> **Dataset**:
□ □ □ □ □ □ □

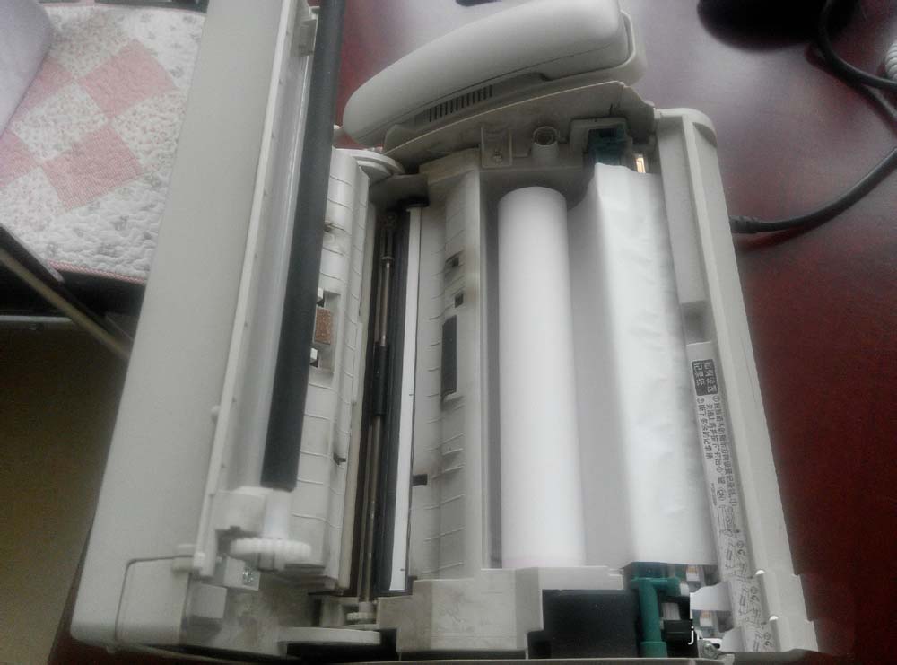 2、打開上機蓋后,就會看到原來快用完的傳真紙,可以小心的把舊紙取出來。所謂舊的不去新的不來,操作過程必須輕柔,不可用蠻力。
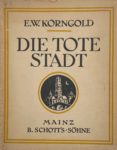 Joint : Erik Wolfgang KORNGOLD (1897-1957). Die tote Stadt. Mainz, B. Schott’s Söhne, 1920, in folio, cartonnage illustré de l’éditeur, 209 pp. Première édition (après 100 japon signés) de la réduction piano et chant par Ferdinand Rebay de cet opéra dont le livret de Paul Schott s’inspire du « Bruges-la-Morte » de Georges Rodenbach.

□ □ □ □ □ □ □

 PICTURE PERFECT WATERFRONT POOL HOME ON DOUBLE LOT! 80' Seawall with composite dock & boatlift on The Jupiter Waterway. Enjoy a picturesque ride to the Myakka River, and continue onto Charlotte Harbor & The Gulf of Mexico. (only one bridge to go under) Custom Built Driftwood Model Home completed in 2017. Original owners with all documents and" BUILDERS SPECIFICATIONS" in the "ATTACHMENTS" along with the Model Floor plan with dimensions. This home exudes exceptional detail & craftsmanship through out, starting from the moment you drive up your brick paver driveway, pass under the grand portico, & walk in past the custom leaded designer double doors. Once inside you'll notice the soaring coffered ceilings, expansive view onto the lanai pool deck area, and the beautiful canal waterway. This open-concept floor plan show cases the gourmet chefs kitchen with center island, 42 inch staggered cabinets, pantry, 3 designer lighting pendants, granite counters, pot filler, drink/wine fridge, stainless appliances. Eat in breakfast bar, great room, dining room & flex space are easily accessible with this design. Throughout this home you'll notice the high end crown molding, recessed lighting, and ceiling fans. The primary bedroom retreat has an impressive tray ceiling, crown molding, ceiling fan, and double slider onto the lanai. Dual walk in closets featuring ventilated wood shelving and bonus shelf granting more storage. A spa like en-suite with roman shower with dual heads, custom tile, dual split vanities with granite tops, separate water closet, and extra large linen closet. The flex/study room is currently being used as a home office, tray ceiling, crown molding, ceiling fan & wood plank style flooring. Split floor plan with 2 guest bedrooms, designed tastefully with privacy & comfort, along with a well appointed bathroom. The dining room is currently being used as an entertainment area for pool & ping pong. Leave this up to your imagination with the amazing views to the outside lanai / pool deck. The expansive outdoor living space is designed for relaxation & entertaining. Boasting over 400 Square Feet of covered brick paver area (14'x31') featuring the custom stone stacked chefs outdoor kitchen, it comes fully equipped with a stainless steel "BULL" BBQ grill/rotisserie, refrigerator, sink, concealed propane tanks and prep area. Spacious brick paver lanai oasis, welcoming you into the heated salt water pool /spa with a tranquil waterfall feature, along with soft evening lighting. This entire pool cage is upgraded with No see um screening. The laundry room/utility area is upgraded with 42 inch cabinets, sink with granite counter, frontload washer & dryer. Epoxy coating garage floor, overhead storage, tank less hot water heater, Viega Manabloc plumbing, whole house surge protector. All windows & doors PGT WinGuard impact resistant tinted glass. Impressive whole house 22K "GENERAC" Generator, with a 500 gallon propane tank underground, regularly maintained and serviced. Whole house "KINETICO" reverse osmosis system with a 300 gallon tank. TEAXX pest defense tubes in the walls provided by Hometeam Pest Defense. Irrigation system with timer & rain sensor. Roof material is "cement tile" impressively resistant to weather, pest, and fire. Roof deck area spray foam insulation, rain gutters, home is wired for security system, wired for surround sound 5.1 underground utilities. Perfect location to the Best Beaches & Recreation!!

□ □ □ □ □ □ □

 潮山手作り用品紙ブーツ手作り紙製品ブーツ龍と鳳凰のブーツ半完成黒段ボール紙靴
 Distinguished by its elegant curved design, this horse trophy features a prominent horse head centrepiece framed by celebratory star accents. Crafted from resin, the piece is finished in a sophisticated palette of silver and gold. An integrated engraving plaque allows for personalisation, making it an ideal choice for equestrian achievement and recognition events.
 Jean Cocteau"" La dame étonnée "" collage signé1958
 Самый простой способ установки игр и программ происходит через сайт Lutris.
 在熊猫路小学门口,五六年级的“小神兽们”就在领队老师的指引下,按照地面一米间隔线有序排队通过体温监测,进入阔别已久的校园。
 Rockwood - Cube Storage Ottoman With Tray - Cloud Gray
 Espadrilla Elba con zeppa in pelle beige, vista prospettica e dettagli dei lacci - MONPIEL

□ □ □ □ □ □ □

> **Your goal**: Above are some records. Output exactly the lines from the one that contains "2、打開上機蓋后,就會看到原" to the one that contains "Joint : Erik", keeping both, and omit the pictures.

> **Answer to this exercise**:
 2、打開上機蓋后,就會看到原來快用完的傳真紙,可以小心的把舊紙取出來。所謂舊的不去新的不來,操作過程必須輕柔,不可用蠻力。
 Joint : Erik Wolfgang KORNGOLD (1897-1957). Die tote Stadt. Mainz, B. Schott’s Söhne, 1920, in folio, cartonnage illustré de l’éditeur, 209 pp. Première édition (après 100 japon signés) de la réduction piano et chant par Ferdinand Rebay de cet opéra dont le livret de Paul Schott s’inspire du « Bruges-la-Morte » de Georges Rodenbach.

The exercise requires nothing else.